*What the task asks*:
In the data below, which lines hold the word "warga"? Copy them.

*The data*:
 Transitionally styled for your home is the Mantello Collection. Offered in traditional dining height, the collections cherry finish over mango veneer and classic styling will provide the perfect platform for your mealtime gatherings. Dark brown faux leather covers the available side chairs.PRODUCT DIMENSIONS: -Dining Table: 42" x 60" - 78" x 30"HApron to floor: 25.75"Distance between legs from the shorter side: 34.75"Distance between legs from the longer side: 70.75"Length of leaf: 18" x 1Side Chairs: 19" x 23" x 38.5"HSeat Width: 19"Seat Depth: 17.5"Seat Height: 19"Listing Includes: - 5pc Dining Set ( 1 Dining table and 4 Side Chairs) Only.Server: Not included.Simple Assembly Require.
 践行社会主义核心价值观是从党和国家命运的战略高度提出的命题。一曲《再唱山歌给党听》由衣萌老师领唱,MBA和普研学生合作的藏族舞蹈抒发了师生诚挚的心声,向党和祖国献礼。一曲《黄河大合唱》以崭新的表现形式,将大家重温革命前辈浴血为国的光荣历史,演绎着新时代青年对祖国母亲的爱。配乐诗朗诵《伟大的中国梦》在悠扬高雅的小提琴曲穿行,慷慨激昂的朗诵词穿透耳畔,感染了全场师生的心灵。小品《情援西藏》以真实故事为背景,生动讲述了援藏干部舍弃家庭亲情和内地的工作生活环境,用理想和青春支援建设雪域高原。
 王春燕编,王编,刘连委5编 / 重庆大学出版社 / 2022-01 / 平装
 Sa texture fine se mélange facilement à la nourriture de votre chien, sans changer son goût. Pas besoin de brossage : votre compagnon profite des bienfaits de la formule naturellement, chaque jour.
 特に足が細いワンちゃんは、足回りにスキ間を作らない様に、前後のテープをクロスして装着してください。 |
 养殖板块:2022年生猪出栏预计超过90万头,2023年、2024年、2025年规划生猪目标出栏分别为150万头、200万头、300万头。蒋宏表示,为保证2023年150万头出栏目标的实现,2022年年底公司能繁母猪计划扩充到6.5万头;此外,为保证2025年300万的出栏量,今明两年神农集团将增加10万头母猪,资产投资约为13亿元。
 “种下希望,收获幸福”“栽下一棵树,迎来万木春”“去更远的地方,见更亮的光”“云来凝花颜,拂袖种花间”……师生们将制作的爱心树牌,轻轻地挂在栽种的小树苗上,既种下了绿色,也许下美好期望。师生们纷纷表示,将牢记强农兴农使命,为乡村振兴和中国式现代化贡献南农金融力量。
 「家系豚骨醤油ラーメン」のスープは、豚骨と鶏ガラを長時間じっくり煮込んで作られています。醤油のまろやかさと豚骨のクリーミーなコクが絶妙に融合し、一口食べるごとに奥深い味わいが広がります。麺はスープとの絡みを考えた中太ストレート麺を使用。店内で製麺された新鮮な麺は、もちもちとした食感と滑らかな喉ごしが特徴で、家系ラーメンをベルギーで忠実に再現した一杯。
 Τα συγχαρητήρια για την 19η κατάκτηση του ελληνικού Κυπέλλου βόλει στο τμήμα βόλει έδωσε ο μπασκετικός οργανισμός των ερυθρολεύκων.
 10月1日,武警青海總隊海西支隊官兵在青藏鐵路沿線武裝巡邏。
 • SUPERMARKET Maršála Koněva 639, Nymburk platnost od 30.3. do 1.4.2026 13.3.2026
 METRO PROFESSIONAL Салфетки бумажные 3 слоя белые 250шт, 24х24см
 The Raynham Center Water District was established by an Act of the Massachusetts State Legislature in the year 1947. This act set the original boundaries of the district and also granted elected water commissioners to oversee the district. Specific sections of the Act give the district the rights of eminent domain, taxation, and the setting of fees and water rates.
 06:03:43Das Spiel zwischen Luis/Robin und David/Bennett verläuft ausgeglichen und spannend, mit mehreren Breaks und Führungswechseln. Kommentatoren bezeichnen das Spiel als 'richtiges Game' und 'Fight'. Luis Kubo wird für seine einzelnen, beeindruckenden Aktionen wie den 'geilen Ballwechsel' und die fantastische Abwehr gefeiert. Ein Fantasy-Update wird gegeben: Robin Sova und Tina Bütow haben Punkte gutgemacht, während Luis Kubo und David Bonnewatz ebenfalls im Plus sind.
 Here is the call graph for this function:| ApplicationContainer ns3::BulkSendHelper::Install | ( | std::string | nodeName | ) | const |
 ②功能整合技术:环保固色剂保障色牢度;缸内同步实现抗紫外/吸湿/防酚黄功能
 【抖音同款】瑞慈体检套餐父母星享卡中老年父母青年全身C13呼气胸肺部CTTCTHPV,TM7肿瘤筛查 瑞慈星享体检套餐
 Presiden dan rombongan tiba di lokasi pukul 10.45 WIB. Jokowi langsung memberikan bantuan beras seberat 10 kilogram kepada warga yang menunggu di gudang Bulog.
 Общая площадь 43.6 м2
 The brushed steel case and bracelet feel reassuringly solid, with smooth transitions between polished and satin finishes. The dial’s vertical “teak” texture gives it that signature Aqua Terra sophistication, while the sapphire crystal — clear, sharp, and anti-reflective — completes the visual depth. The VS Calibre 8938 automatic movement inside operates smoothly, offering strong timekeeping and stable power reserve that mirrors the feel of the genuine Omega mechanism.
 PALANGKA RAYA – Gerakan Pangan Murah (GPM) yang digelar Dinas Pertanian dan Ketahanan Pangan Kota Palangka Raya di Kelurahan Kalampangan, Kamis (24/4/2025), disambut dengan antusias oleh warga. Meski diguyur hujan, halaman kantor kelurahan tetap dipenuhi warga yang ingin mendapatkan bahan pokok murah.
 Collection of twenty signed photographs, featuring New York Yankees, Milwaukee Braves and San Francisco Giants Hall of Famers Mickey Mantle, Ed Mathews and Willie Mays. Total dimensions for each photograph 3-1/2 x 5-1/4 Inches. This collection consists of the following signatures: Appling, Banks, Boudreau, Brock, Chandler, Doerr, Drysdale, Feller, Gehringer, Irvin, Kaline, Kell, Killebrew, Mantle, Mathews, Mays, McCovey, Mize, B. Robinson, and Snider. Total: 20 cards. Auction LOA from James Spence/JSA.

*Result below*:
 Presiden dan rombongan tiba di lokasi pukul 10.45 WIB. Jokowi langsung memberikan bantuan beras seberat 10 kilogram kepada warga yang menunggu di gudang Bulog.
 PALANGKA RAYA – Gerakan Pangan Murah (GPM) yang digelar Dinas Pertanian dan Ketahanan Pangan Kota Palangka Raya di Kelurahan Kalampangan, Kamis (24/4/2025), disambut dengan antusias oleh warga. Meski diguyur hujan, halaman kantor kelurahan tetap dipenuhi warga yang ingin mendapatkan bahan pokok murah.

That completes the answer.